L’Afrique du Sud a condamné l’escalade de la violence au Soudan, appelant à un cessez-le-feu immédiat, à un accès humanitaire sans restriction et à un processus de paix mené par le Soudan pour mettre fin à cette guerre civile dévastatrice.
Dans un communiqué publié dimanche par l’Afrique du Sud, le Département des relations internationales et de la coopération (DIRCO) a exprimé sa vive inquiétude face à la détérioration de la situation, en particulier la récente attaque contre El Fasher, la capitale du Darfour-Nord, assiégée depuis plus de 500 jours.
Selon des sources médicales, des tirs d’artillerie lourde ont touché des zones densément peuplées, notamment le marché central et Awlad al-Reef, tuant au moins 24 civils et en blessant 55 autres.
« L’Afrique du Sud réitère son appel à la fin immédiate du conflit et à la reprise de négociations sincères et sincères pour y mettre fin », a déclaré le DIRCO.
Ajoutant : « Ce conflit prolongé constitue une grave menace pour la stabilité et la prospérité économique du Soudan et de la région dans son ensemble, car ses répercussions, notamment la crise humanitaire et la crise des réfugiés, se sont aggravées ».
Le conflit, qui a éclaté en avril 2023 entre les forces armées soudanaises et les Forces de soutien rapide paramilitaires, a fait plus de 40 000 morts et déplacé près de 13 millions de personnes.
El Fasher reste la dernière grande ville du Darfour sous contrôle gouvernemental et est devenue un foyer d’atrocités, notamment d’exécutions sommaires, de famine et de bombardements aveugles.

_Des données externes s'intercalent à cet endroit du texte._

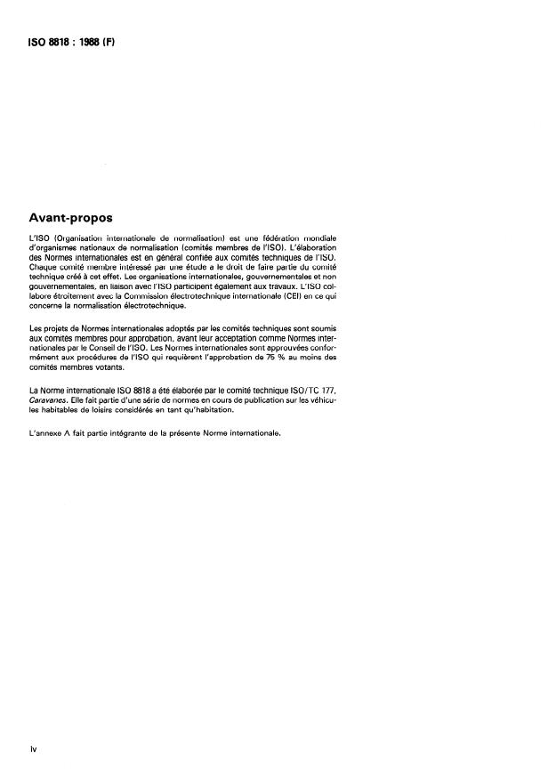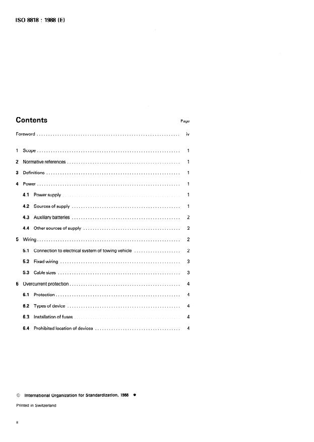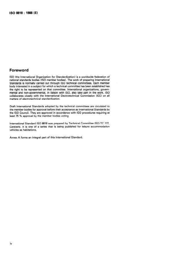ISO 8818:1988 is a standard published by the International Organization for Standardization (ISO). Its full title is "Leisure accommodation vehicles — Caravans — 12 V direct current extra low voltage electrical installations". This standard covers: Specifies safety and functional requirements for 12 V installations and includes an annex that gives means of determining the minimum cross-sectional area of cables. Does not apply the commercial trailers or motor caravans, nor does it include requirements for ELV road lighting and signalling lamps and their installations.
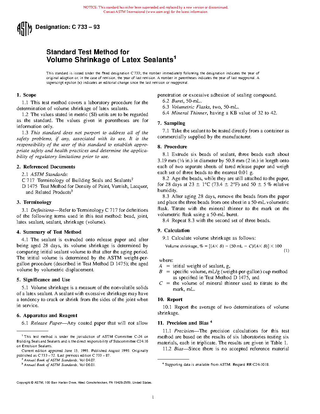 1.1 This test method covers a laboratory procedure for the determination of volume shrinkage of latex sealants.
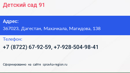Детский сад №91 по адресу 367023, Дагестан, Махачкала, Магидова, 138 в дальнейшем Организация, размещена в следующих категориях:
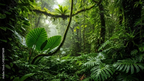 © Wans, Obraz premium Lush Green Tropical Jungle Dense Foliage in Humid Rainforest
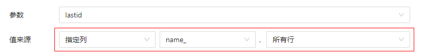 指定数据来源中获取的行列数据作为参数的实际值,支持指定某一行数据、某一列数据或某个单元格值三种。
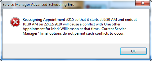 •Ignore - Conflicts are allowed and no message will be displayed to advise of conflicts
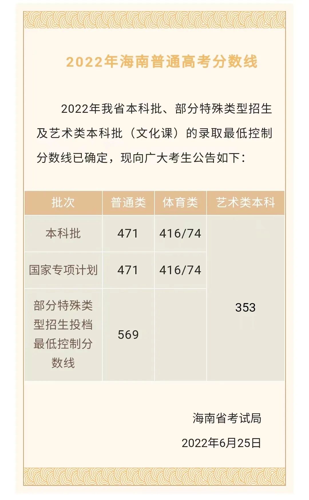 2022年海南省普通高考本科各批次录取最低控制分数线
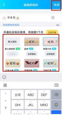 3、最后我们只需要输入昵称,然后选择群昵称装扮效果,点击立即装扮,再点击右上角的完成即可变成彩色昵称。
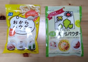 右の「キッコーマン」は粉が細かく、おから餅に適しています。
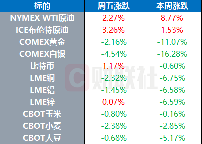 国际金银下跌,现货黄金跌3.43%,报4498.31美元/盎司,本周累计下跌10.37%;COMEX黄金期货跌2.16%,报4505.70美元/盎司,本周累跌11.07%。现货白银跌6.89%,报67.801美元/盎司,本周累计下跌15.85%;COMEX白银期货跌4.54%,报67.980美元/盎司,本周累跌16.28%。
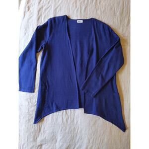 Heaven Size Small Women's Blue Linen/Cotton Waterfall Open Front Lightweight Top
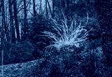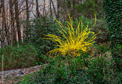 A single, Yellow forsythia bush in springtime is an ornamental deciduous shrub
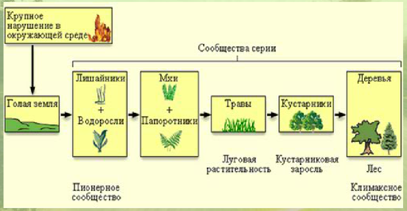 Смена одних сообществ другими называется экологической сукцессией. В первом случае наблюдается так называемая первичная сукцессия, поскольку формирование сообщества происходит, что называется «с нуля». Во втором — наблюдается вторичная сукцессия, поскольку одно сообщество постепенно замещается другим.
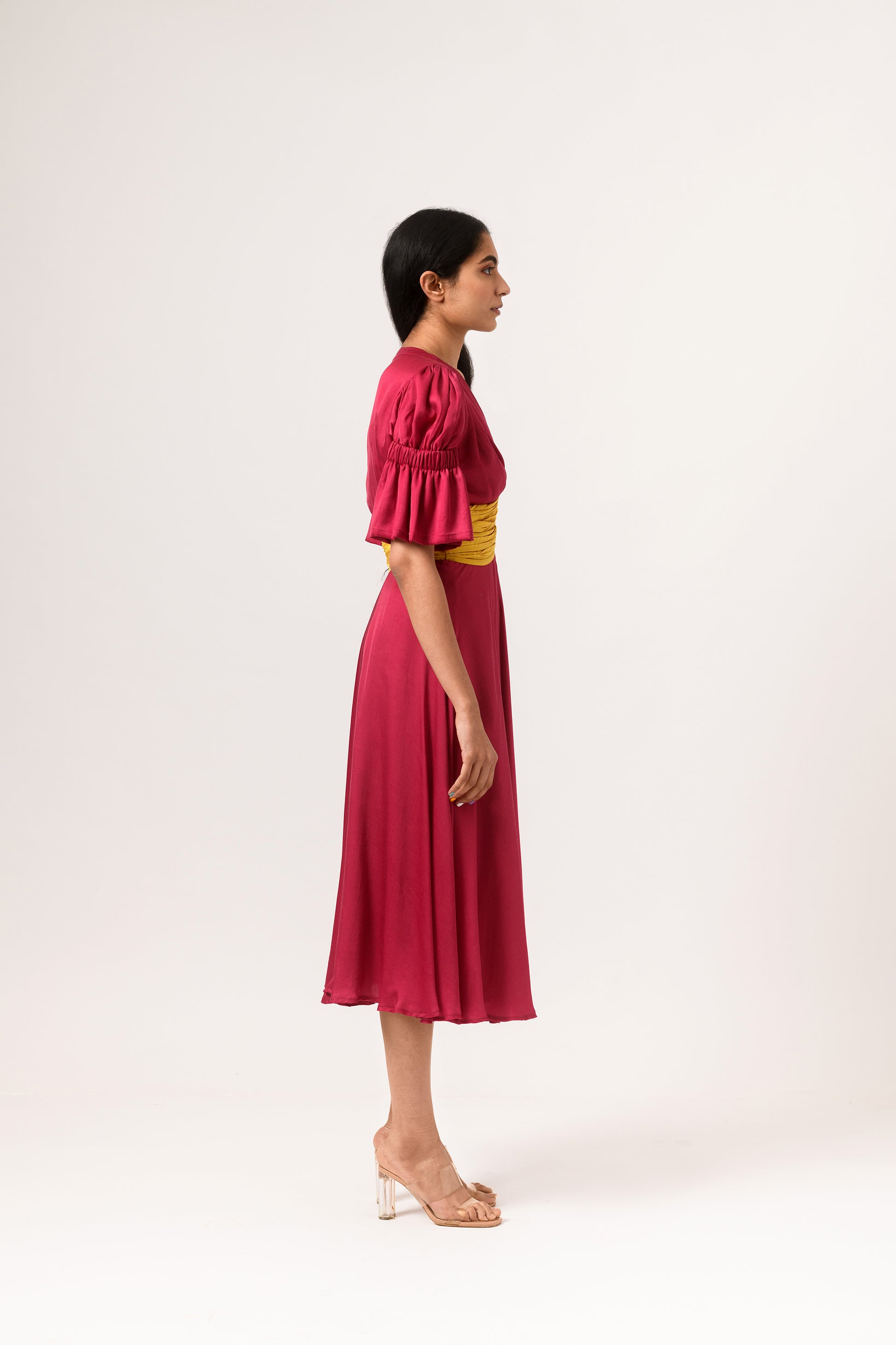 Wine-Yellow Rouching Dress with Yellow Rouching around wasit and elbow patterned sleeve

L’Afrique du Sud a souligné qu’il ne pouvait y avoir de solution militaire à la crise et a exhorté toutes les parties à respecter le droit international humanitaire.
Elle a appelé à un accès immédiat pour acheminer de la nourriture, de l’aide médicale et une protection aux civils pris au piège dans les zones de conflit, notamment à El Fasher, où plus de 260 000 personnes, dont 130 000 enfants, restent privées d’assistance.

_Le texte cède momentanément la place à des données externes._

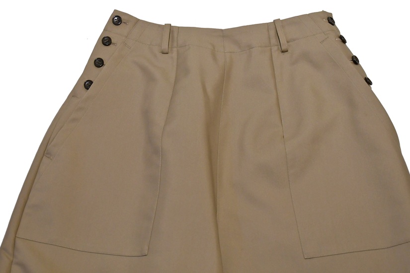 大きなLポケットや太い折り返しのカフスに付いた裾脇のボタンがポイントになります!
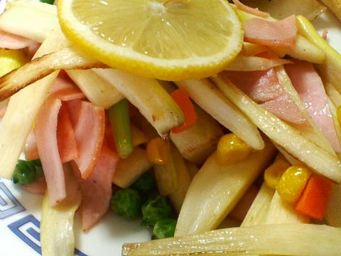 今年も中之島の方からマコモタケを戴きました。出来は今一だったという事ですが、簡単に油炒めにしていただきました。イネ科の植物だったと思います。味はなんとなくスイートコーンの様な甘い香りがし、タケノコのようなキノコのような歯ごたえがあります。あっさりとしていて煮ても焼いても、生でも食べられますが、塩味であっさりと油炒めにするのが香りと歯ごたえが生きて美味しいと思います。彩りが寂しいので冷凍のミックスベジタブルを入れたが余計だったかもしれません。
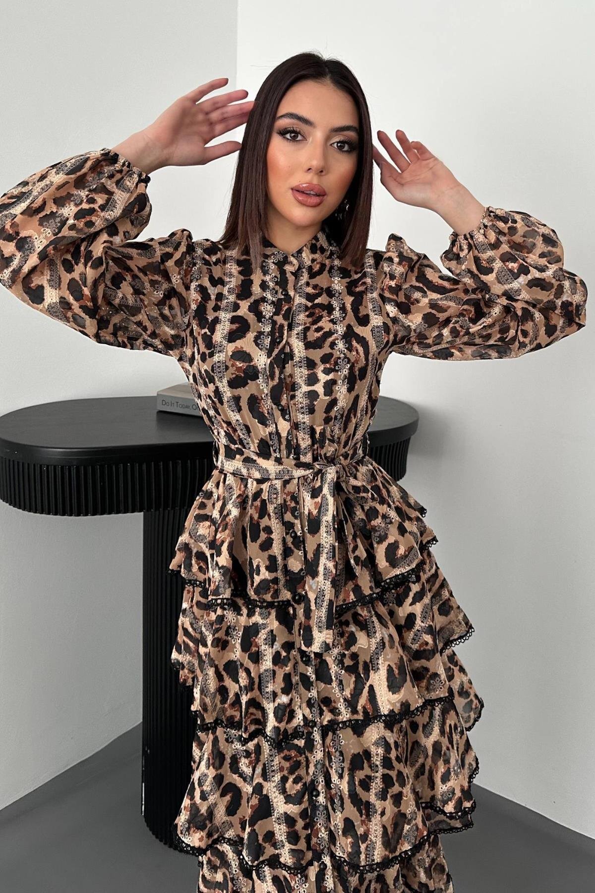 Lady Pixie Rochie lungă cu volane și dungi leopard
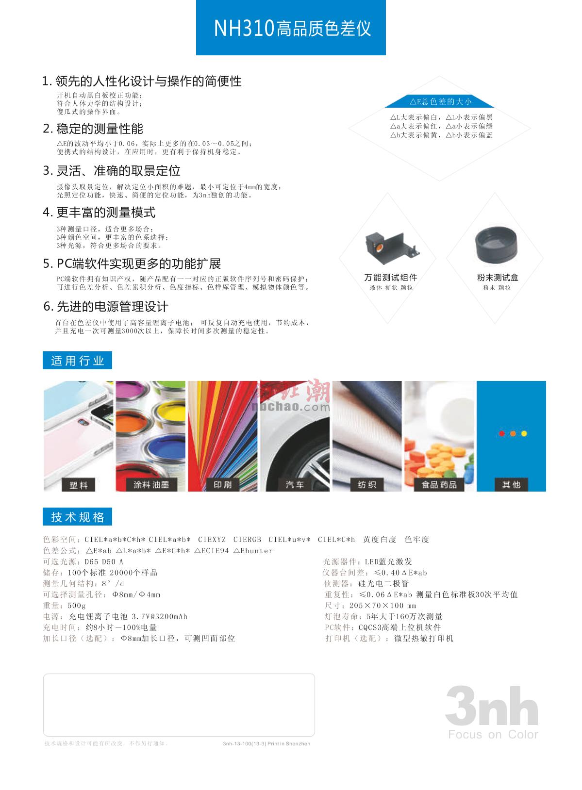 3NH NH310 + Multifunctional Test Component Colorimeter brochure
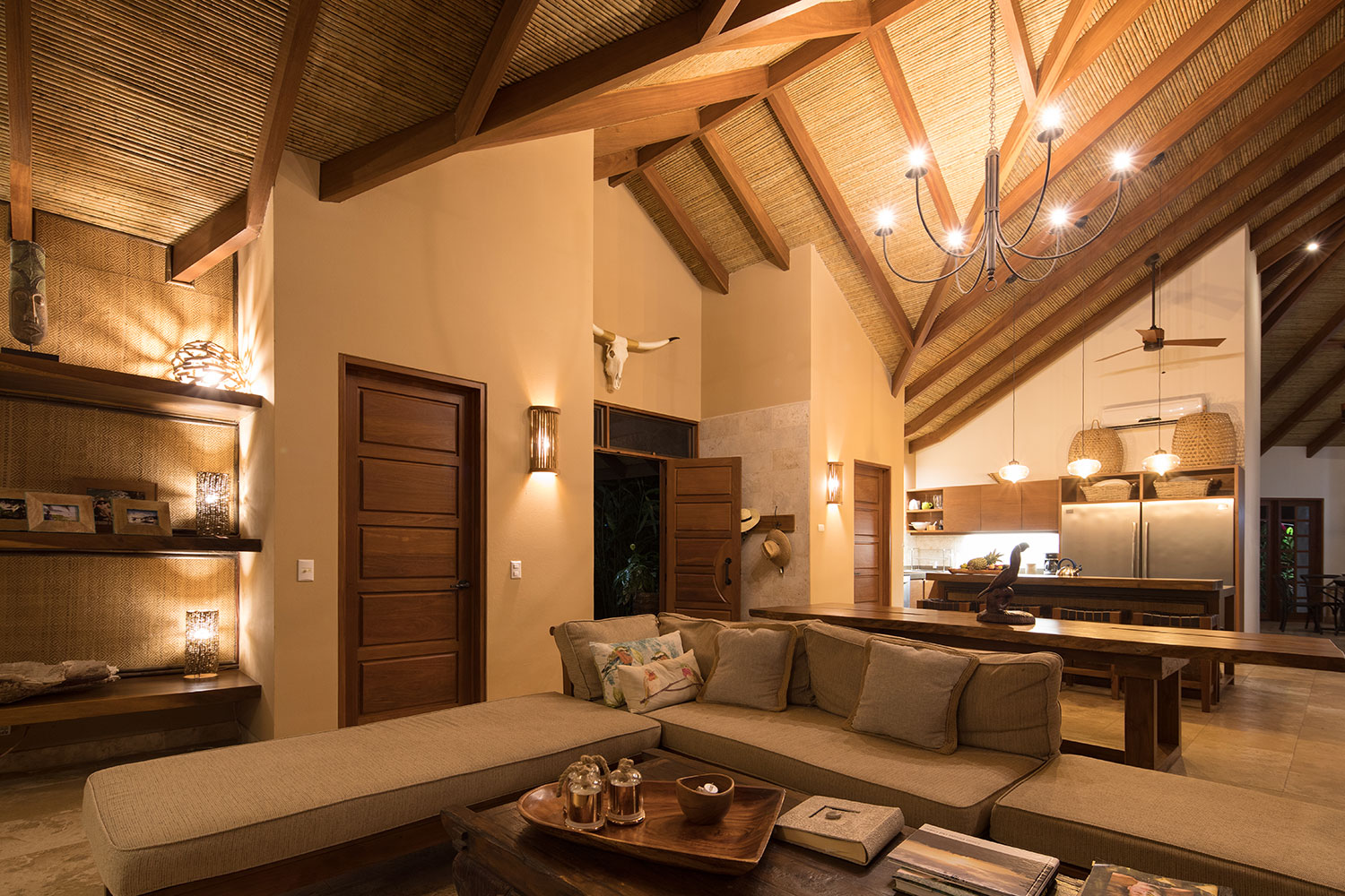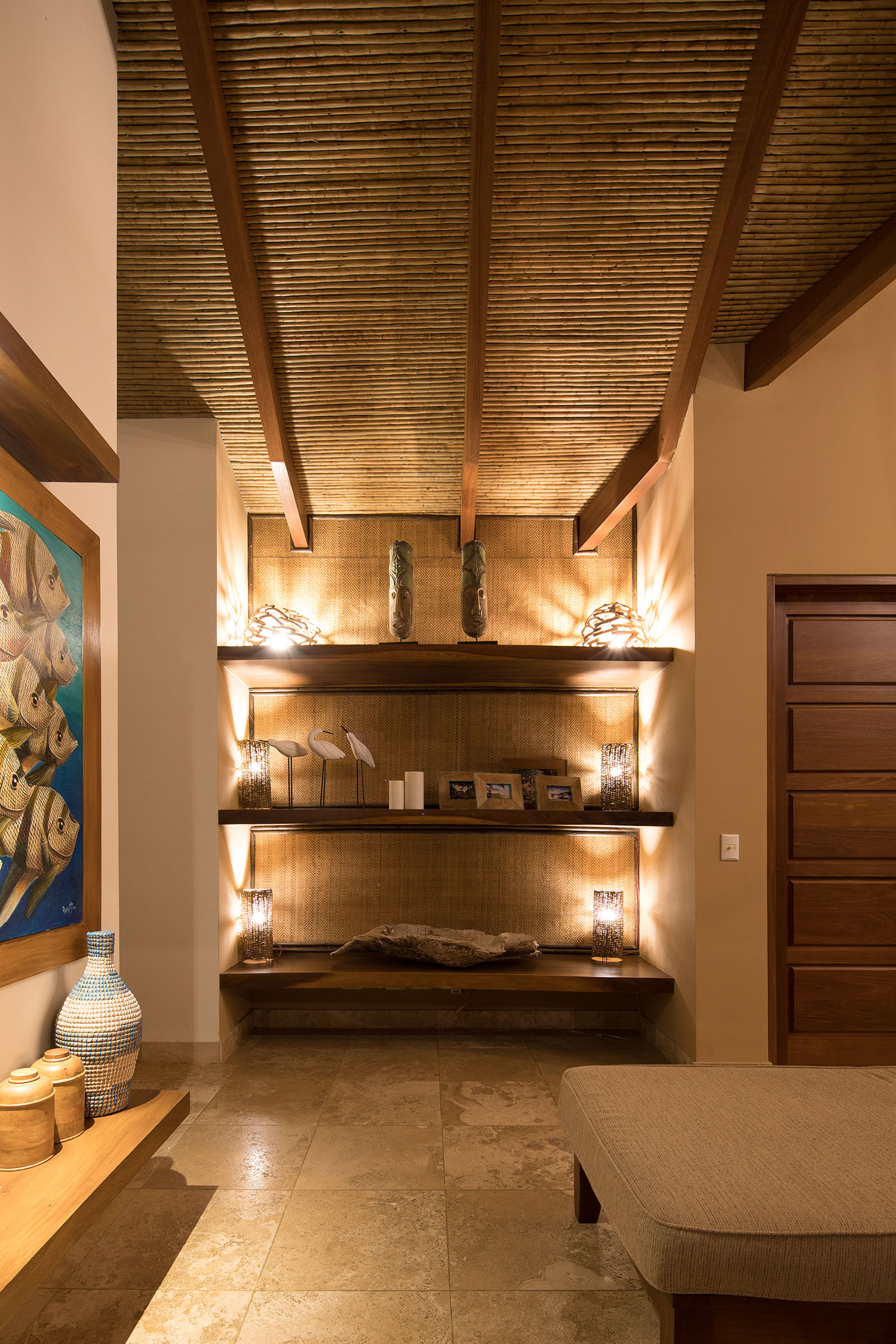For this project, natural teak wood, along with the floor finish and bamboo cane ceilings in the social areas, provide the necessary elegance to give the house its unique style. Decorative elements and stone cladding are used to enhance the interior spaces, adding greater quality and sophistication.

« On ne saurait trop insister sur l’urgence de mettre fin à ce conflit où des violations aveugles des droits humains sont commises quotidiennement», ajoute-t-il.
Le président Cyril Ramaphosa a toujours plaidé en faveur du dialogue et a collaboré avec les parties prenantes soudanaises pour encourager la reprise des négociations.
L’Afrique du Sud a réaffirmé son soutien aux efforts de médiation menés par l’Envoyé personnel du Secrétaire général des Nations Unies, Ramtane Lamamra, l’Union africaine et l’Autorité intergouvernementale pour le développement.